The TEI-Comparator is a text-comparison engine designed to compare two XML files where items of a paragraph-like granularity have been moved around, split up or otherwise reorganized. It is called the 'TEI-Comparator' because originally it was designed to compare two large XML files that follow the Guidelines of the Text Encoding Initiative (TEI). However, the TEI-Comparator does not specifically require TEI XML and should work with any XML as long as the units being compared are of a similar paragraph-like size. It is a database-backed (MySQL or HSQL or indeed any database that is supported by Hibernate) java web application built using the Google Web Toolkit API. Texts are specially pre-prepared by having unique namespaced IDs applied to them and optionally having the comparator attempt to find proposed matches for each ID. Texts are then loaded into the Comparator which provides a web interface for confirming and deleting proposed matches, making new matches, and annotating either the links between the matching items or either of the items themselves. The links and annotations can then be output as a TEI file. These are also included in the TEI output file.
Why was it made?
The TEI-Comparator was initially made by the Research Technology Services of the Oxford University Computing Services of the University of Oxford to provide assistance for the Holinshed Project. Holinshed's Chronicles of England, Scotland, and Ireland was the crowning achievement of Tudor historiography and an important historical source for contemporary playwrights and poets. Holinshed's Chronicles was first printed in 1577 and a second revised and expanded edition followed in 1587. The project is interested in examining the EEBO-TCP project had already encoded a version of the 1587 edition, and for the Holinshed Project they created a version based on the 1577 edition using the same methodology. This enabled a research assistant to confirm proposed matches, delete any incorrect ones, make new ones, and provide annotations. What preprocessing is necessary? There are two steps to the pre-processing:
- ID'ing the files: Deciding on what elements will be compared and adding special text-comparator IDs to each of these elements. TEI-Comparator comes with a script markup-input-file.sh which helps accomplishing this task but should be customised to the elements that are important to your project.

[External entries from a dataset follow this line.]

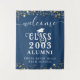 Welcome alumni to their high school or college class reunion (editable for any year reunion) with this custom colour tapestry to be used as a sign or photo op backdrop featuring gold stars, string lights, calligraphy script and decorative typography and personalised with your school name and graduating class year. The colours (shown in blue, gold and white) can be changed to your school colours or coordinating party theme colours in EDIT. TAPESTRY OPTIONS: The sample is shown in the 50x60" size--other sizes are available on the ordering page. ASSISTANCE: For help with design modification or personalisation, colour change, resizing or transferring the design to another product, contact the designer BEFORE ORDERING via the Zazzle Chat MESSAGE tab below or email makeitaboutyoustore@gmail.com.
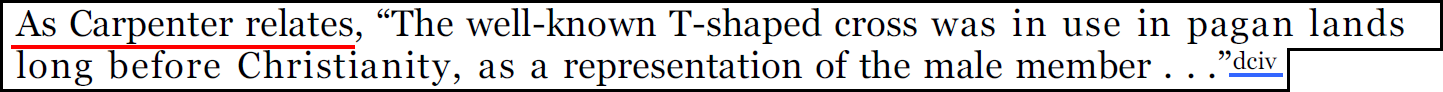 Le livre "The Christ Conspiracy" d'Acharya, qui est une source principale de Zeitgeist, contient 20 citations du livre d'Edward Carpenter, intitulé "Pagan and Christian Creeds".
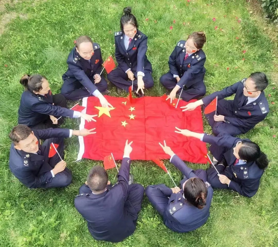 国家税务总局林芝市税务局组织青年干部与国旗合影,向祖国母亲深情告白,表达对祖国的赤诚之心与无限热爱。
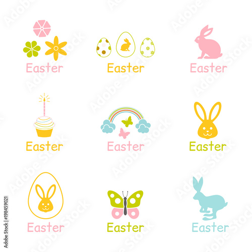 © nadia1992, Fototapeta premium Happy Easter typography design set.

- Initial Comparison: An initial comparison is run which for each ID'ed element looks through all the similarly ID'ed elements in the other file, attempting to ascertain which of these elements might match. This can be time-consuming with very large files (for Holinshed's Chronicles, that consist of about 20,000 paragraphs a full comparison takes about 2 hours; measured on a two year old mac book pro) but only needs to be done once. The TEI-Comparator script for doing this is initial-comparison.sh
What does the TEI-Comparator need to work?

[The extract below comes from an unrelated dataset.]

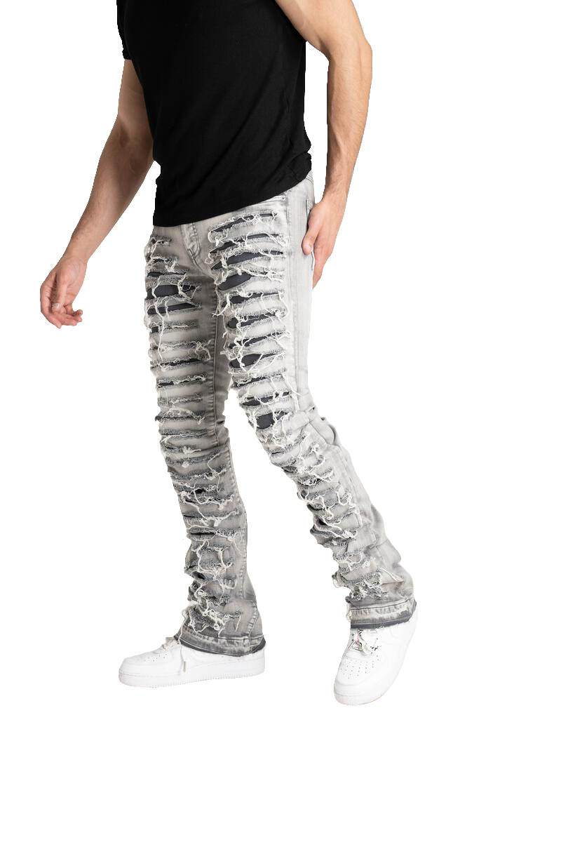 PREMIUM QUALITY SUPER STACK JEANS WITH MULTI RIP/REPAIR COTTON 98%, SPANDEX 2%, 38 INSEAM

The TEI-Comparator is a java web application and so runs in an appropriate servlet container such as Apache Tomcat. It is written using the Google Web Toolkit.

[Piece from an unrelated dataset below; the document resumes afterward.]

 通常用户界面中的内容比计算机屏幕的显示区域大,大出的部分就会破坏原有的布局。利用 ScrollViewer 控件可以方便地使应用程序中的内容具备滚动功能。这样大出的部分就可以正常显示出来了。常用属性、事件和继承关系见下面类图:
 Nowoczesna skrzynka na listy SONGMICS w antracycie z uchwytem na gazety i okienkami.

Getting the TEI-Comparator
Download the latest released version from Sourceforge or get the latest version directly from the SVN. The released version comes with a prebuilt webapp. When checking out the latest version from the SVN you have to build the webapp with Google's GWT compiler (http://code.google.com/intl/de-DE/webtoolkit/).
Access to the SVN
The TEI-Comparator is available from Sourceforge subversion at "https://tei-comparator.svn.sourceforge.net/svnroot/tei-comparator/TEI-Comparator" You might check out a copy of this repository with the following command:
svn checkout https://tei-comparator.svn.sourceforge.net/svnroot/tei-comparator/TEI-Comparator ./TEI-Comparator
This will get you the most recenty up-to-date version of the TEI-Comparator.
Installation of TEI-Comparator
Configuration In the src/properties.xml there are a number of properties that you can adjust. These include:
<entry key="input.file1">/usr/local/TEI-Comparator/resources/1577.xml</entry>
<entry key="input.file2">/usr/local/TEI-Comparator/resources/1587.xml</entry>
<entry key="stylesheets.TEItoHTML">/usr/local/TEI-Comparator/resources/render.xsl</entry>
where you can set the paths for the two input files and the XSLT stylesheet used to render them for presentation inside the web app. There are also settings used for rendering and presentation of the XML texts.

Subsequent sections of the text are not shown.